The W80-4 program anticipates entering into the development engineering phase (phase 6.3) in 2019, when researchers will test individual components to ensure they will meet military requirements. The next phases in the effort are production engineering (phase 6.4), first production (phase 6.5) and full-scale production (phase 6.6). To meet demand for the W80-4 LEP, LLNL has been hiring aggressively over the past couple years. In 2018 alone, more than 100 scientists, engineers and technicians have been brought into the program.
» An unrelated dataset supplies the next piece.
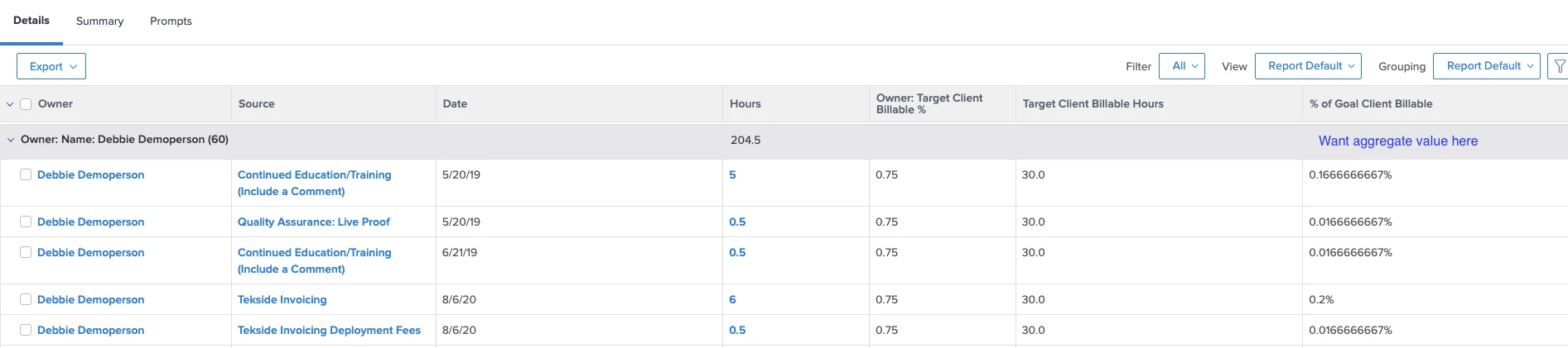 I want to aggregate this calculated custom column up to the grouping level so I can see a value by the hour Owner grouping. See attached screenshot of what I have right now (no aggregate)

"Even with our Lab hiring at an accelerated rate, and even with the infrastructure improvements NNSA has made here, we could never complete this LEP alone," said Tom Horrillo, W80-4 life extension program manager. "Our sister lab across the street (Sandia National Laboratories) is playing a central role in this, as are the production plants that are producing components across the country. The Air Force has been a great partner in defining requirements, and NNSA has been indispensable in helping us to roll out the infrastructure and processes we need to get the job done. I’m not overstating things when I say that there would be no LEP without the contributions of everyone on the team."

The LEP is a collaboration between the DoD and NNSA, with LLNL teaming closely with all of the NNSA laboratories and production sites and the Air Force and their missile vendors to deliver a certified warhead into the U.S. stockpile. Key collaborators include Sandia, Kansas City National Security Campus, Y-12 National Security Complex, Pantex Plant, Savannah River Site, Los Alamos National Laboratory, NNSA Livermore Field Office, Albuquerque NNSA W80-4 Program Office, the missile program office at Eglin Air Force Base and Nuclear Weapons Center Kirtland Air Force Base.

"It is so important that we succeed with the W80-4 LEP," Williams said. "These weapons need to be tremendously safe, secure and effective. We have to meet those expectations just as much as we need to meet the cost and schedule expectations. All told, I can’t help but feel that this is a very exciting time to work at the Lab."